Although much of fabricatr’s is designed to generate hierarchical, nested data, we also provide functions to generate cross-classified (partially nested) data. In this vignette, we consider the example of generating data about students, whose educational outcomes depend on both the primary and secondary school they attend.

Let’s begin by visualizing how our data will be laid out:

Primary schools and secondary schools each exist independent of each other and have some specific characteristics. Students draw from a single primary school and a single secondary school, and may also have some individual characteristics.

The main steps involved in generating cross-classified data are as follows:

  1. Generate multiple non-nested data frames (Primary and Secondary Schools)
  2. Use the [cross_classify()] function to join the non-nested data frames on particular variables, optionally specifying a desired correlation outcome.
  3. Optionally, add new variables or further levels in the resulting cross-classified data. (Students)

Generating multiple non-nested levels using fabricatr

As with nested data, the workhorse function for ge_nerating new levels of data is [add_level()]. To generate multiple non-nested levels of data, it is necessary to add an additional argument in the following form:

schools_data <- fabricate(
  primary_schools = add_level(N = 20, ps_quality = runif(N, 1, 10)),
  secondary_schools = add_level(N = 15, ss_quality = runif(N, 1, 10), nest = FALSE),
  ...
)

Observe that the second (and any subsequent) non-nested levels should contain the nest = FALSE argument – otherwise, secondary schools would be interpreted to be a level nested within schools. Each level can have as many variables as you want, and fabricatr will internally track each level separately.

This [fabricate()] call is incomplete – so far we have just completed the first step. We must also specify how to merge the two levels. If you do not specify a way to merge the levels, [fabricate()] will return the most recent working data frame: in this case, the secondary schools level.

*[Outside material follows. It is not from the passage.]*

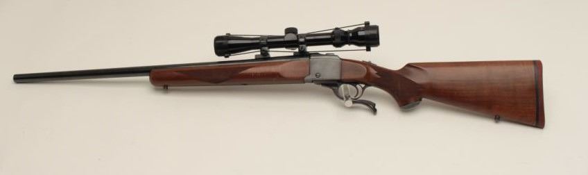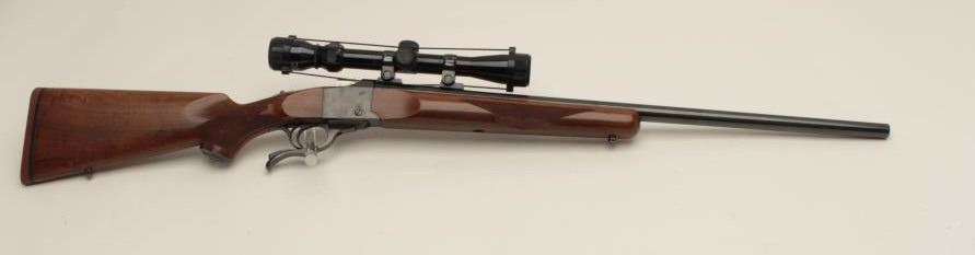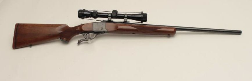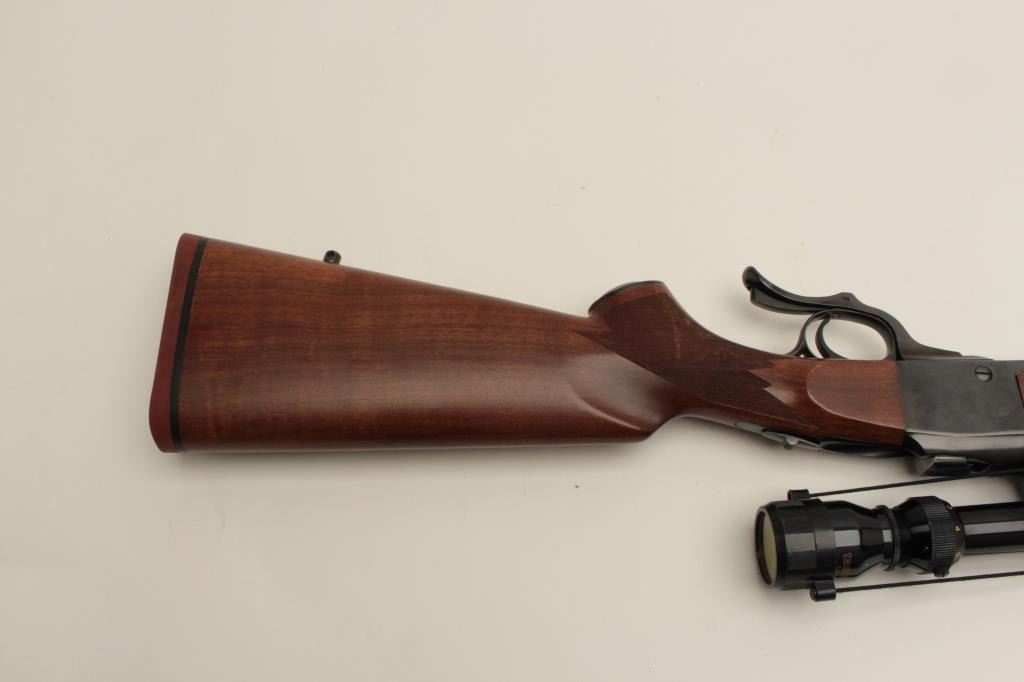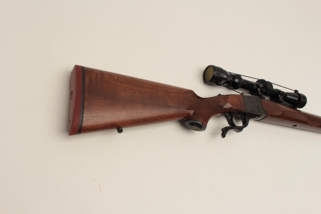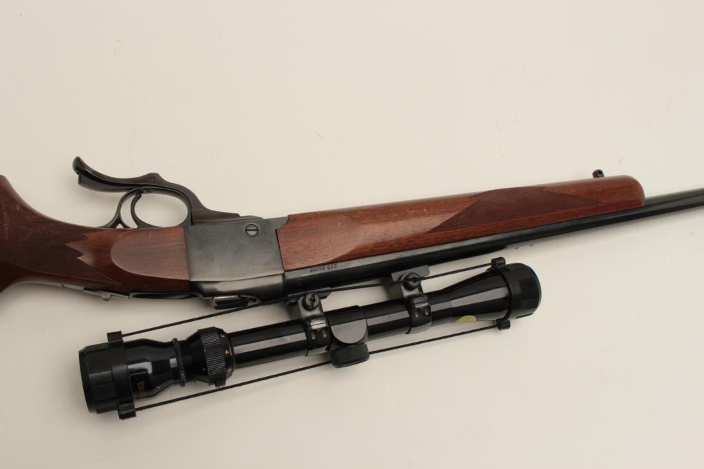 Ruger No. 1 single shot rifle, .220 Swift caliber, 26” round barrel, blued finish, checkered wood stocks, S/N 132-12579, mounted with a Tasco 3-9x32 scope with fine optics, in overall very good to fine condition with a fine bore, crisp action, sharp markings and very good to near fine wood stock. (Modern/No PPT). Est.: $500-$1,000.

Importing non-nested data frames

You can also import the data you wish to cross-classify on from existing data sources, or a combination of imported data and data specified using fabricatr. Recall that the first argument to a [fabricate()] call is the data you wish to import. We have previously seen that it is possible to import a single data frame this way, but it is also possible to import a list of data frames, staging them all for use for cross-classifying data. Data imported in this manner looks like this:

schools_data <- fabricate(
  list(primary_schools, secondary_schools),
  ...
)

Again, the [fabricate()] call is incomplete – we have imported the data we wish to cross-classify on, but not yet learned how to merge the data.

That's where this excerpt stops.